Early Access, and the “Advanced Access” provided for complete games by major publishers for “Deluxe Editions” and the like, has also been a boon to freeloaders. Craven types could play a game for hours and hours, then demand a refund within the standard two hours of play, 14 days after the purchase window of the game’s “official” release. Steam-maker Valve has noticed and, as of Tuesday night, updated its refund policy.

“Playtime acquired during the Advanced Access period will now count towards the Steam refund period,” reads the update. In other words: Playtime is playtime now, so if you’ve played more than two hours of a game in any state, you don’t get a refund. That closes at least one way that people could, with time-crunched effort, play and enjoy games for free in either Early or Advanced access.

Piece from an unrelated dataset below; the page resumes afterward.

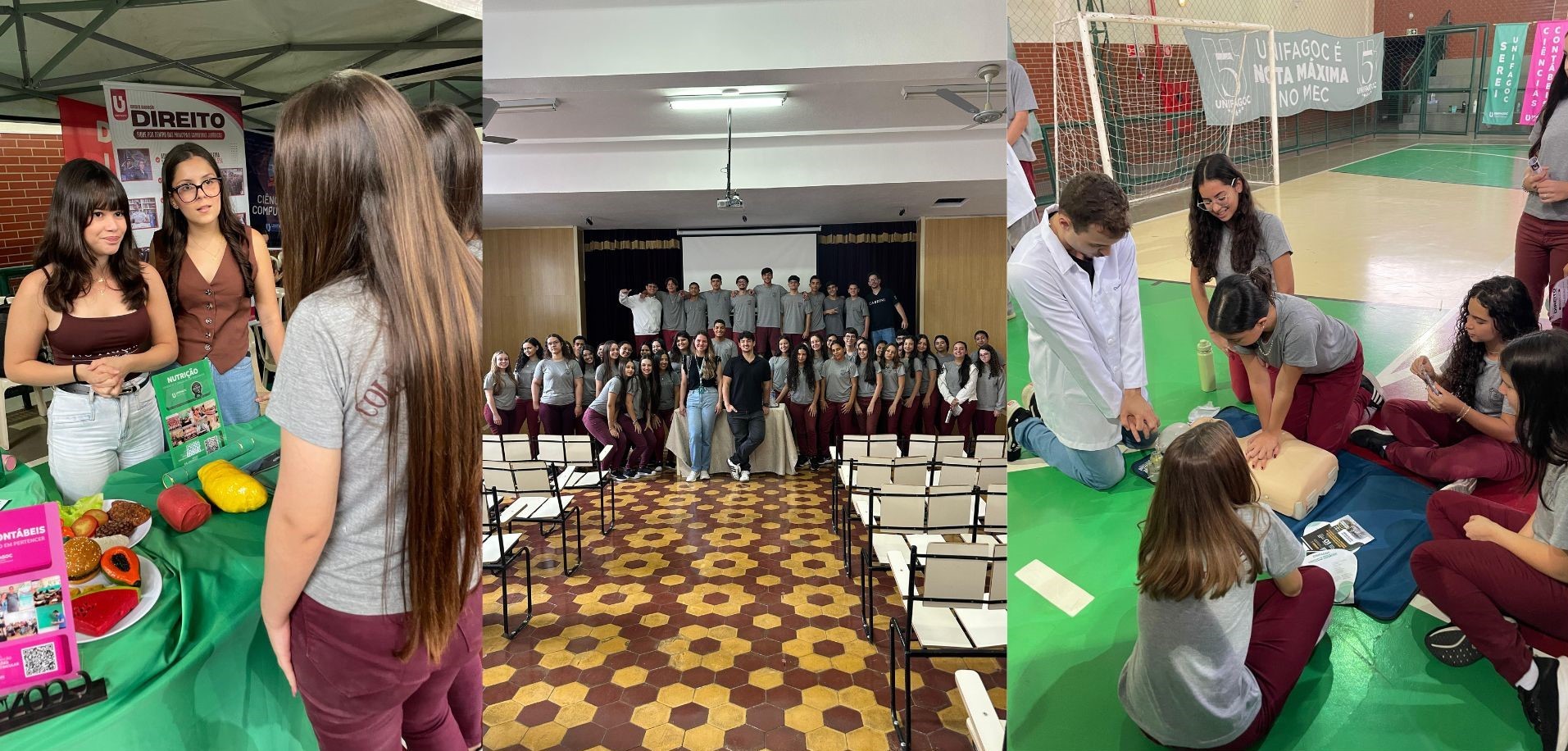Logo após as palestras, os estudantes participaram da Feira de Profissões do UNIFAGOC, onde tiveram a oportunidade de conhecer melhor os cursos de graduação da instituição, conversar com universitários, professores e diretores, além de esclarecer dúvidas sobre as áreas de interesse. A programação contou ainda com atividades interativas, como um quiz com brindes, a distribuição de picolés e a interação com a comunidade acadêmica, tornando a experiência ainda mais dinâmica e enriquecedora.

Not that it’s a complete win for either developers or cautious buyers. Steam refunds are a tricky matter for developers, especially those smaller in size. The two-hour playtime window can give people a decent idea of how a game runs, what it’s like, and whether it’s clicking with a certain player. But some games enter Early Access in very rough shape or have features that later get dropped. Some games pack their most appealing elements into the early game. And some indie games are intended to provide an experience that’s much closer to two hours than 40 or 80, still giving players a faceless way to grab back some cash.

Steam’s approach to refunds remains an imperfect science, full of quirky stories and examples of why it exists. But it has moved toward a more unified and at least understandable policy now.